Improvised beach hut provides measure of comfort and joy

A split photo shows a man and his beachhut

Motaz Barzaq and the beachhut he has built. 

Yahiya Barzaq

Gaza’s beaches have always been a haven for Gaza’s people.

In the long years of siege that came before last October, they were our vantage point from which we could see a world we weren’t allowed to visit, the promise of freedom for a territory imprisoned.

Since Israel’s genocide started, but especially since Israel’s invasion of Rafah back in May, the beaches have become even more important for tens of thousands of displaced people in Gaza.

People have pitched their tents in the sand in a desperate search for some safety.

Motaz Barzaq, who is displaced from the north, decided to go one step further.

Why not, he thought, build something a little more stable.

So he went to one of the bakeries that have popped up along the beach with the influx of the displaced and bought empty flour bags. These he filled with sand to build the walls of a cottage he then completed with mud.

The roof of his cottage is made of roof tiles he found. There is no end of rubble in Gaza from which to locate materials.

He even fitted the hut out with a kitchen, bathroom and bedroom.

“We have alternatives,” he told The Electronic Intifada with some pride. “If we don’t find the building materials, we return to tradition and do what our parents and ancestors did.”

The most beautiful place in Gaza

He used at least 2,000 sandbags to build the cottage, and it took him one month. He is now working on a sandbag wall to protect the hut from the tide.

Motaz believes his cottage is better than tents that, he said, don’t protect from the heat of the sun or the cold of winter. It was the intense summer heat that pushed Motaz to move to the beach, as staying in the displacement tent in Gaza during the day had become unbearable, he told The Electronic Intifada.

New businesses selling falafel, biscuits, juices, and iced water have sprung up along the beachfront and some young people have even found work there, providing a little income to support their families, and some focal point for those who now live on the beach.

Yahia Barzaq shared a video he took of Motaz building his cottage on social media.

“Not to romanticize reality, but to strengthen steadfastness, Motaz Barzaq, a displaced man from Gaza, tried to avoid the desperate life of tents, and sought a refuge by the sea, where the waves are louder than the chaos of war’s bombs,” Yahia comments in the video.

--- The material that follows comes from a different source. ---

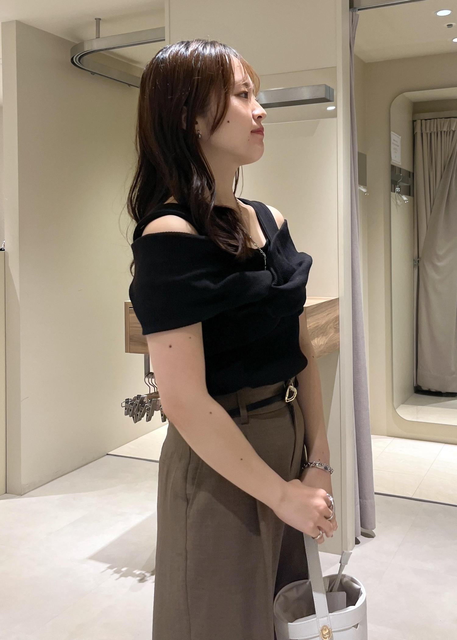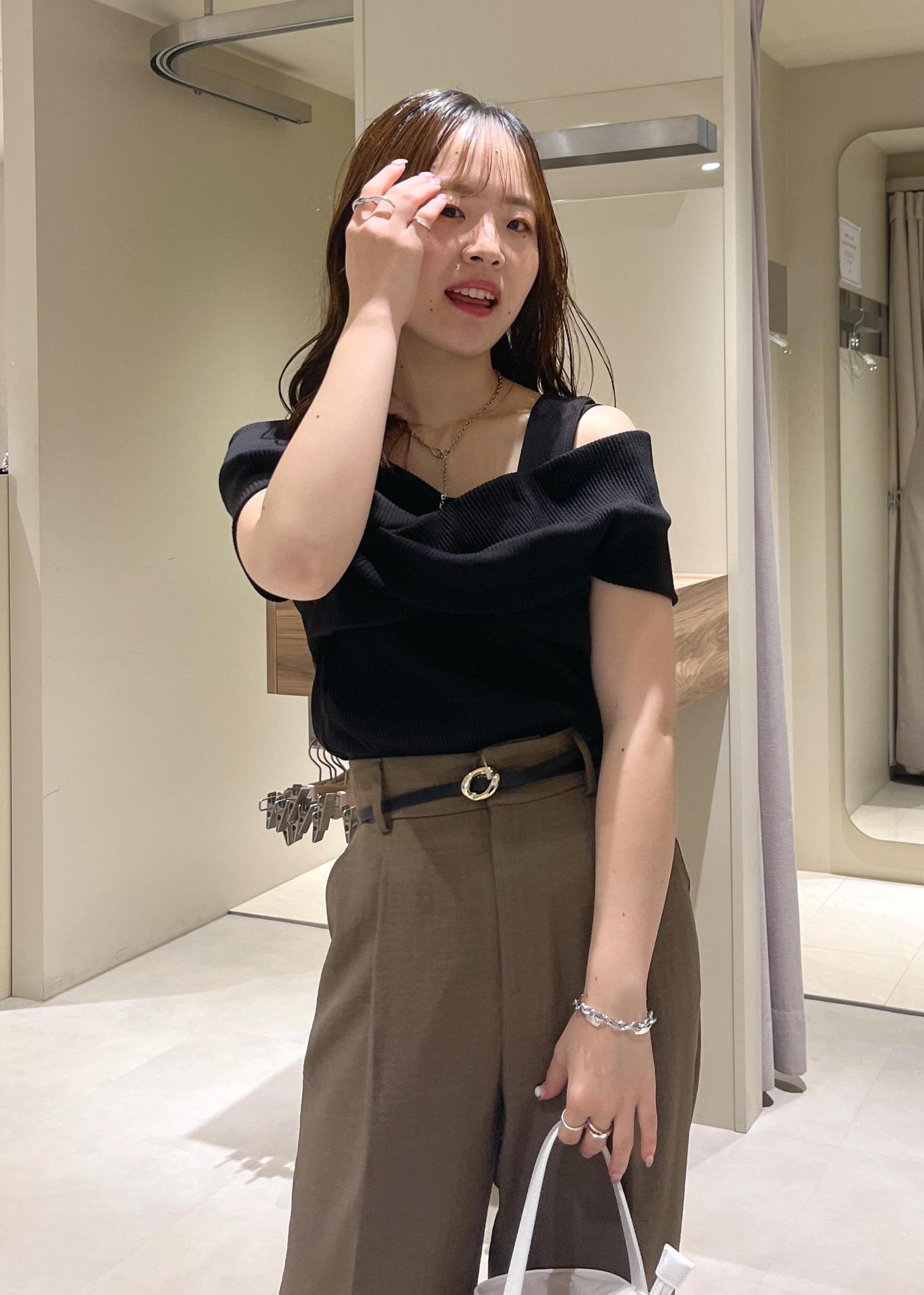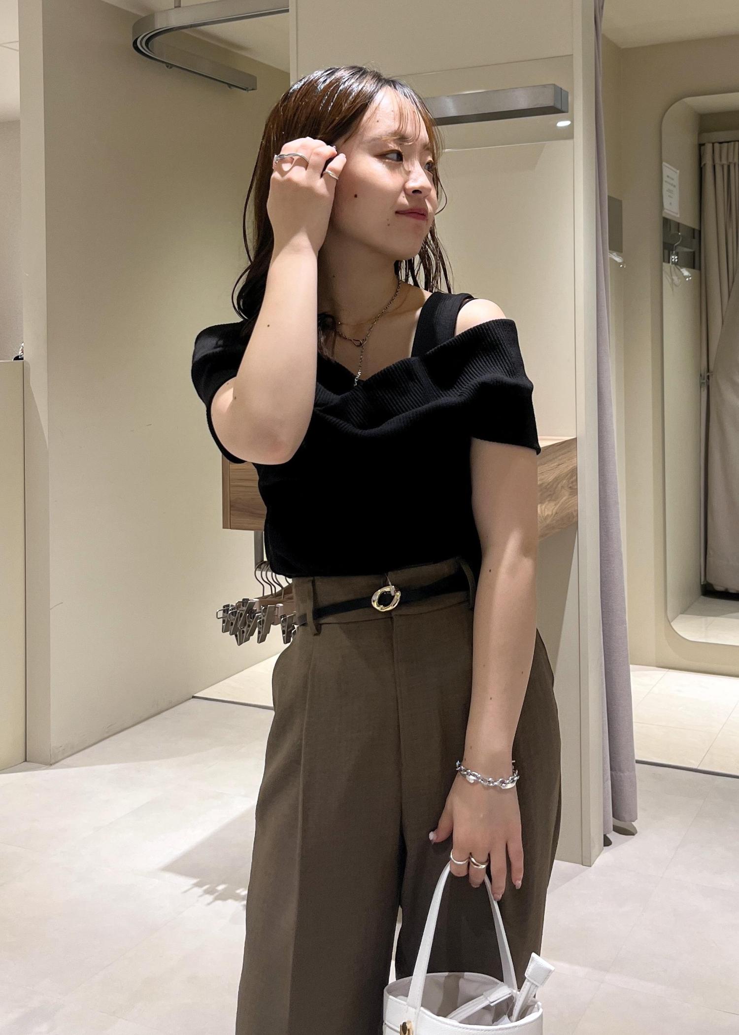 紐部分がアシンメトリーなデザインになるので、デコルテ周りがあいているトップスを着ても可愛いなと思いました☺︎ -

Motaz told Yahia that the idea of building the cottage came to him while living in a home in Deir al-Balah and explained that the hut’s mud and sandbag walls protect each other, ensuring that the mud doesn’t disintegrate with the rain.

“I was never going to make it from brick. I could have made it from canvas, which is much cheaper, but I wanted it to be more durable. And the flour bags didn’t cost me much,” Motaz said.

It was the lack of proper tools that was the biggest obstacle.

“The main difficulties I faced was the lack of screwdrivers. I had no saw, and there is barely any cement. Since we have no electricity, I could also only work during the day,” he said.

It was all worth it, and there is no question that his new address gives Motaz joy, even in Gaza’s bleakness. He had always wanted to live by the beach anyway.

“The sea is the most beautiful place in Gaza.”

Eman Alhaj Ali is a writer, translator and poet based in Gaza.